Author-email: support@apify.com
Requires-Python: >=3.9,<4.0
Classifier: Development Status :: 3 - Alpha
Classifier: Intended Audience :: Developers
Classifier: License :: OSI Approved :: Apache Software License
Classifier: Operating System :: OS Independent
Classifier: Programming Language :: Python :: 3
Classifier: Programming Language :: Python :: 3.9
Classifier: Programming Language :: Python :: 3.10
Classifier: Programming Language :: Python :: 3.11
Classifier: Programming Language :: Python :: 3.12
Classifier: Topic :: Software Development :: Libraries
Requires-Dist: apify-client (>=1.7.1,<2.0.0)
Requires-Dist: haystack-ai (>=2.3.1,<3.0.0)
Requires-Dist: python-dotenv (>=1.0.1,<2.0.0)
Project-URL: Changelog, https://github.com/apify/apify-haystack/blob/master/CHANGELOG.md
Project-URL: Documentation, https://github.com/apify/apify-haystack
Project-URL: Issue Tracker, https://github.com/apify/apify-haystack/issues
Project-URL: Repository, https://github.com/apify/apify-haystack
Description-Content-Type: text/markdown

# Apify-Haystack integration

The Apify-Haystack integration allows easy interaction between the Apify platform and Haystack.
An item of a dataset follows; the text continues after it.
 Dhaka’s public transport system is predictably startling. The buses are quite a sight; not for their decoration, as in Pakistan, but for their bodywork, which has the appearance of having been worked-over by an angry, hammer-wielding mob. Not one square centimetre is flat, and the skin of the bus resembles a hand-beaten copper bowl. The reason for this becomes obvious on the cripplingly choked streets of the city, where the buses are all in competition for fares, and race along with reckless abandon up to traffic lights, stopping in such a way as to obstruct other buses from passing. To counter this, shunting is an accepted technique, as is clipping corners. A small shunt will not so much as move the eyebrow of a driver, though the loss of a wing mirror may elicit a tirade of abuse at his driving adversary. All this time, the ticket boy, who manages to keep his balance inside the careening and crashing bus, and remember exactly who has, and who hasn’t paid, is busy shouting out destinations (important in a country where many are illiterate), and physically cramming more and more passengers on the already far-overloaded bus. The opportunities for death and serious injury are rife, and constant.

Apify is a platform for web scraping, data extraction, and web automation tasks.
It provides serverless applications called Actors for different tasks, like crawling websites, and scraping Facebook, Instagram, and Google results, etc.

Haystack offers an ecosystem of tools for building, managing, and deploying search engines and LLM applications.

## Installation

Apify-haystack is available as the [`apify-haystack`](https://pypi.org/project/apify-haystack/) PyPI package.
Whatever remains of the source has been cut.